I was almost ready to do that, but yesterday I talked to some other people about an upcoming paper and learned some new things. I haven't yet fully digested what this means for the alloca icmp folding, but there are some more fundamental observations. Namely, folding int2ptr(ptr2int(x))
to x
is unsound -- assuming we also permit the optimization where after if (x == y)
(with x
, y
of integer type), we can replace x
by y
. (Notice that permitting this replacement at pointer type is also unsound if you want to do any kind of provenance tracking, so treating the two kinds of comparisons equivalent is not sound, either -- unless of course you don't even permit this kind of replacement for integers.)
The long story is at https://bugs.llvm.org/show_bug.cgi?id=34548, here is the short story:
Start with the following C program (on 32bit, because I am too lazy to write uintptr_t
all the time):
void f() {
int p[1], q;
int ip = (int) &p[1]
int iq = (int) &q
if (ip == iq) {
*(int*)iq = 0
}
}
This is not UB. Notice that the &p[1]
is subtle because this is out-of-bounds, but it is one past the end of an array object, so taking this address is legal. Comparing this address at pointer-type results in unspecified behavior, which I would assume to mean the comparison is non-deterministic.
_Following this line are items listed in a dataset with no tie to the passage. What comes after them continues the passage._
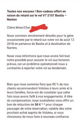 L’indemnisation en question est un bon de 50 € sur un prochain vol Volotea. Les réactions des Internautes fusent, certains conseillant aux passagers de refuser le bon, arguant le droit européen. Il est vrai que, dans ces circonstances, Bruxelles impose aux compagnies aériennes de ne pas se contenter d'un simple remboursement de billets. Si les passagers n’ont pas été prévenus au moins quinze jours à l’avance de l’annulation de leur vol et si la responsabilité de la compagnie est en cause, une indemnité compensatrice est due. Suite à la décision de la compagnie low-cost Ryanair, qui, touchée par une grève européenne de ses pilotes, avait refusé d’indemniser ses passagers lésés, la Cour de justice européenne, dans un arrêt publié en avril dernier, établit que les compagnies aériennes doivent « indemniser leurs passagers si ces derniers ont été affectés par des retards de vols ou des annulations dus à des grèves de leur personnel ». L’indemnisation est de 250 € pour les vols de moins de 1500 km, 400 € pour les vols entre 1500 et 3000 km, et 600 € pour les vols de plus de 3000 km.
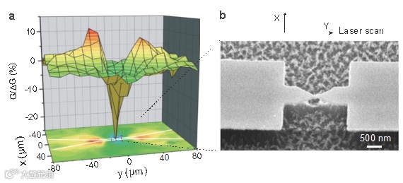 图 5 激光照射微纳结构样品不同位置时,电导响应的空间分布图。(a) 当激光逐点扫描微纳样品不同位置时,对应电极两端电导值变化情况。(b) 电子束光刻制备的悬空纳米结构SEM 照片。
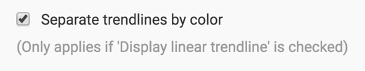 To separate all the linear trendlines and plot them in the same color as main data they describe, navigate to the Marks menu, and select Separate trendlines by color.

Let us first use substitution based on the ip == iq
to replace iq
by ip
, and then propagate the definition of ip
, and we arrive at
void f() {
int p[1], q;
int ip = (int) &p[1]
int iq = (int) &q
if (ip == iq) {
*(int*)((int) (&p[1])) = 0
}
}
Notice that, because comparison at pointer-type is non-deterministic in some cases, this substitution cannot happen when comparing at pointer type (the comparison could evaluate to true once and to false later). But we probably don't want such non-determinism when comparing at integer type, because we do want to be able to do this optimization at integer type.
If we can now fold the casts away, we have
void f() {
int p[1], q;
int ip = (int) &p[1]
int iq = (int) &q
if (ip == iq) {
p[1] = 0
}
}
This last program is UB if it ever enters the conditional, which is a real possibility. (The bugreport has observable miscompilations based on this.)
Essentially, the problem is that just because ptr2int(p) == ptr2int(q)
, we cannot deduce p
and q
to be usable interchangably -- the two pointers could have very different provenance. Together with the special rule for one-past-the-end pointers, we can have pointers to different "objects" (pointing one past the end of p
vs. pointing to q
) have the same integer representation.
If you allow the substitution based on ==
even for pointer types, then the above counterexample does not need int-ptr-casts. As a consequence, either the substitution is never legal, or comparing at integer vs. comparing at pointer type is a very different operation.